**What you have to do:** Transcribe word for word the section of the records below that opens with the line containing "Lofty tongue-and-groove timber" and closes with the line containing "江洋畈不但有许多自然生长的蔬"; drop every picture.

**Available records:**
*** Begin section ***

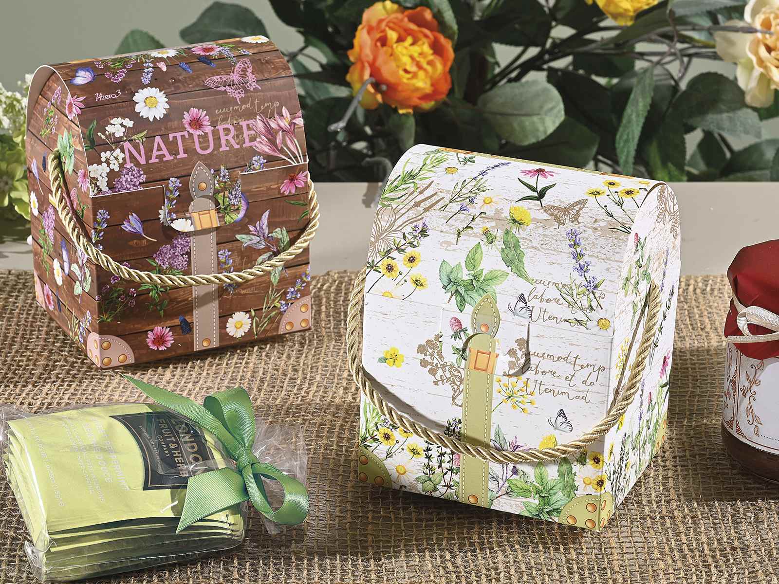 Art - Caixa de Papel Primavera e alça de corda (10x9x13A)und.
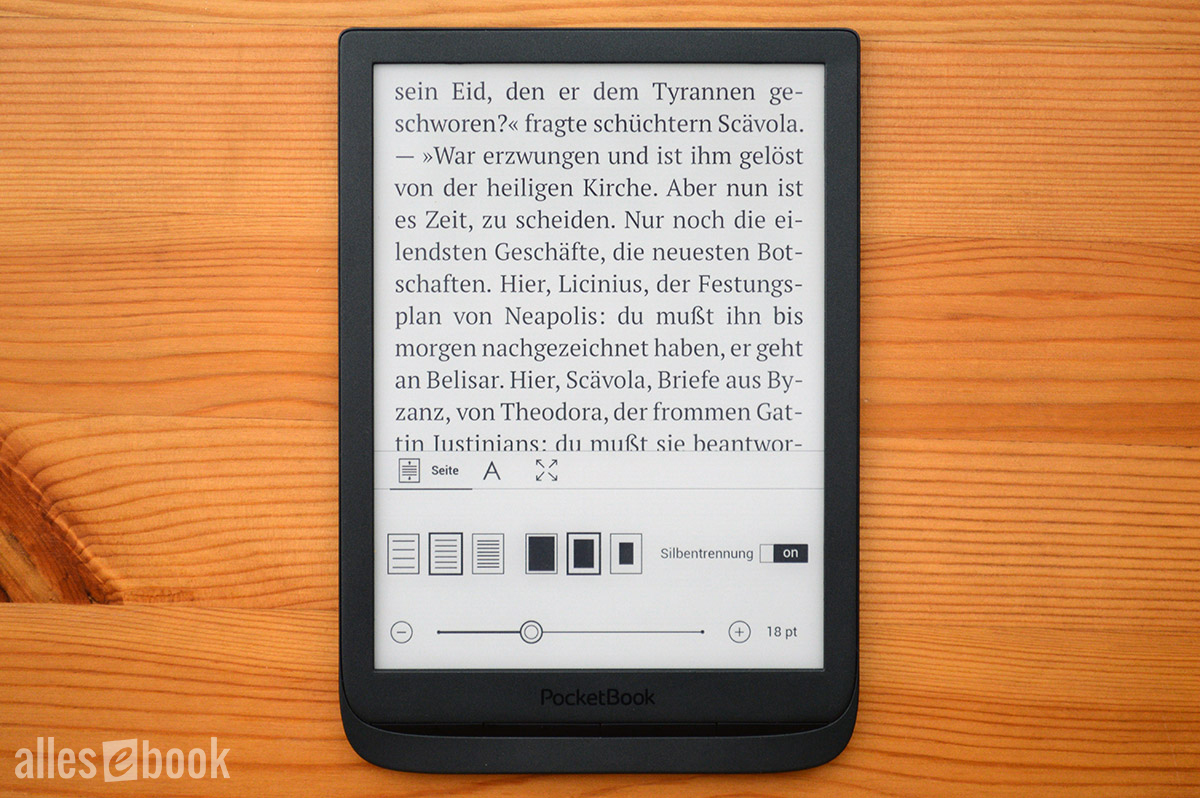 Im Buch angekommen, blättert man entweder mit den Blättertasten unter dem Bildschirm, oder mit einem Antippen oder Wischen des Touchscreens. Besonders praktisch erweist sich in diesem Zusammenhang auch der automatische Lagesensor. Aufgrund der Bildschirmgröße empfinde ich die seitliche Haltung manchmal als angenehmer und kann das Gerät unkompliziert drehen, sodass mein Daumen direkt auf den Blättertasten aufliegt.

*** End section ***
*** Begin section ***

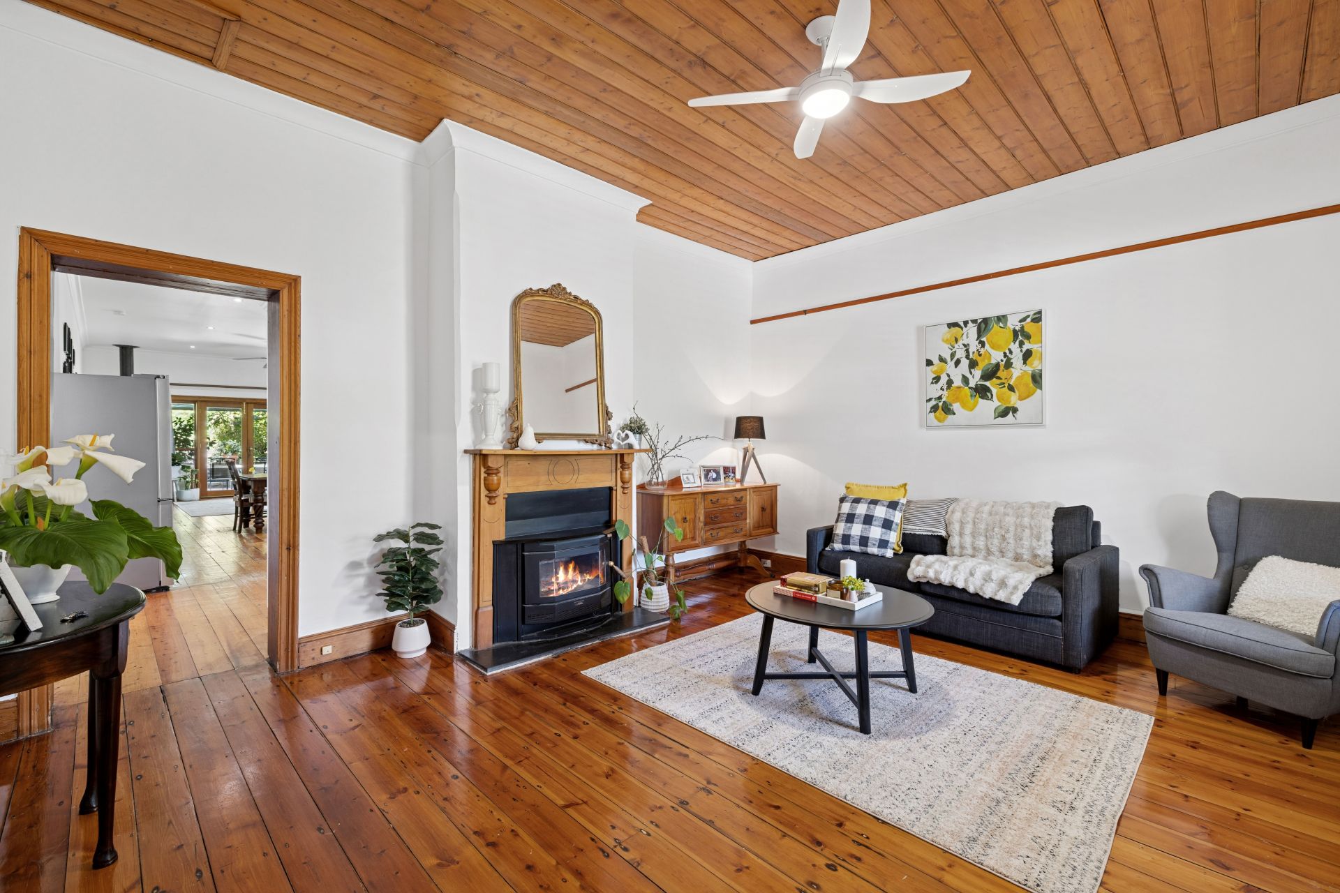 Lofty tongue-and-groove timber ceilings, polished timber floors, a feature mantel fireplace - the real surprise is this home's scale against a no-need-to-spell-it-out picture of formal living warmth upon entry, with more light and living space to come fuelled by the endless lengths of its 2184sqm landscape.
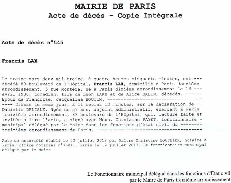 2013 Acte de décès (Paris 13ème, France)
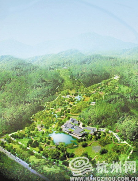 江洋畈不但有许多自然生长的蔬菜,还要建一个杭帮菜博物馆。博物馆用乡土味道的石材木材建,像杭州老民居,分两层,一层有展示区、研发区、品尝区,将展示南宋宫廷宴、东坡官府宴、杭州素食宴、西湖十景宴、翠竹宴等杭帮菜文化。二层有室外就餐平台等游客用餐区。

*** End section ***
*** Begin section ***

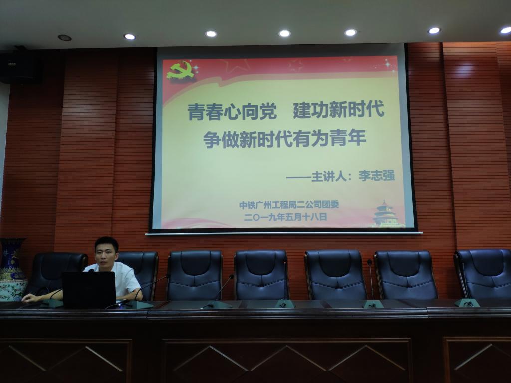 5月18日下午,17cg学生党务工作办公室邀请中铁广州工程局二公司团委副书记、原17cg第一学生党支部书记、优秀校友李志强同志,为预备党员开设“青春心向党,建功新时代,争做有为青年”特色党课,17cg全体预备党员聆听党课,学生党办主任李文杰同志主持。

*** End section ***

**Response to this task:**
 Lofty tongue-and-groove timber ceilings, polished timber floors, a feature mantel fireplace - the real surprise is this home's scale against a no-need-to-spell-it-out picture of formal living warmth upon entry, with more light and living space to come fuelled by the endless lengths of its 2184sqm landscape.
 2013 Acte de décès (Paris 13ème, France)
 江洋畈不但有许多自然生长的蔬菜,还要建一个杭帮菜博物馆。博物馆用乡土味道的石材木材建,像杭州老民居,分两层,一层有展示区、研发区、品尝区,将展示南宋宫廷宴、东坡官府宴、杭州素食宴、西湖十景宴、翠竹宴等杭帮菜文化。二层有室外就餐平台等游客用餐区。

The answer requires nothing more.